:: DATA RECORDS ::
• • • •
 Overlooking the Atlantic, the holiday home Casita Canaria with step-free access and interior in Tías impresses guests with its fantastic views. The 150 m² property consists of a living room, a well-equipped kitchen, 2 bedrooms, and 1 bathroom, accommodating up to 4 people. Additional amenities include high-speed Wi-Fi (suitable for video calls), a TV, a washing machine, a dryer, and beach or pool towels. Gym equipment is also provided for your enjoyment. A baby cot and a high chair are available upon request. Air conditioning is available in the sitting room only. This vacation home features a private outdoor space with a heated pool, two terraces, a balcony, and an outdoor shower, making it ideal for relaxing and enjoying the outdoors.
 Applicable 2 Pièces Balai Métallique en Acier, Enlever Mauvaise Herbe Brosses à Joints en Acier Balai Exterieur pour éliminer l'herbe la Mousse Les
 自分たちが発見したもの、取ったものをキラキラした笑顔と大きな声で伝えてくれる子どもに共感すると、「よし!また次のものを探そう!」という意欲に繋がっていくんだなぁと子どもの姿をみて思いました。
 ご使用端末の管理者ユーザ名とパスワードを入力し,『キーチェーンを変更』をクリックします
• • • •
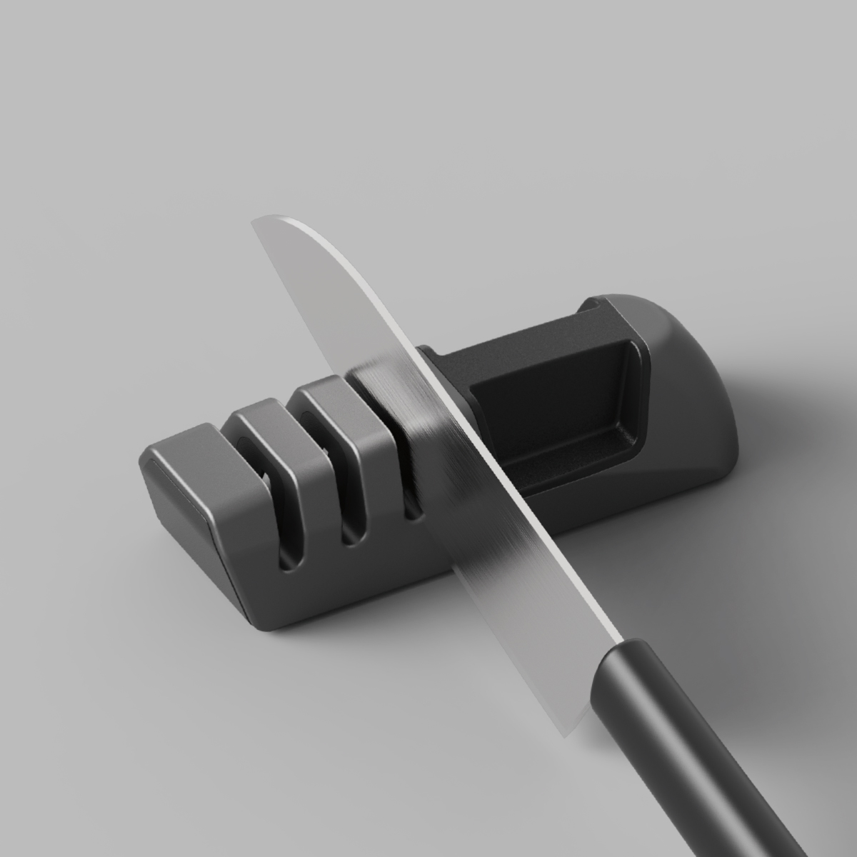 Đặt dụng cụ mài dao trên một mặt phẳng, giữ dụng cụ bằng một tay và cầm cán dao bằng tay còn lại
• • • •
Of the lines above, retype only those from the line containing "自分たちが発見したもの、取っ" through the line containing "ご使用端末の管理者ユーザ名と", including both, exactly.

:: RESPONSE TO THIS TASK ::
 自分たちが発見したもの、取ったものをキラキラした笑顔と大きな声で伝えてくれる子どもに共感すると、「よし!また次のものを探そう!」という意欲に繋がっていくんだなぁと子どもの姿をみて思いました。
 ご使用端末の管理者ユーザ名とパスワードを入力し,『キーチェーンを変更』をクリックします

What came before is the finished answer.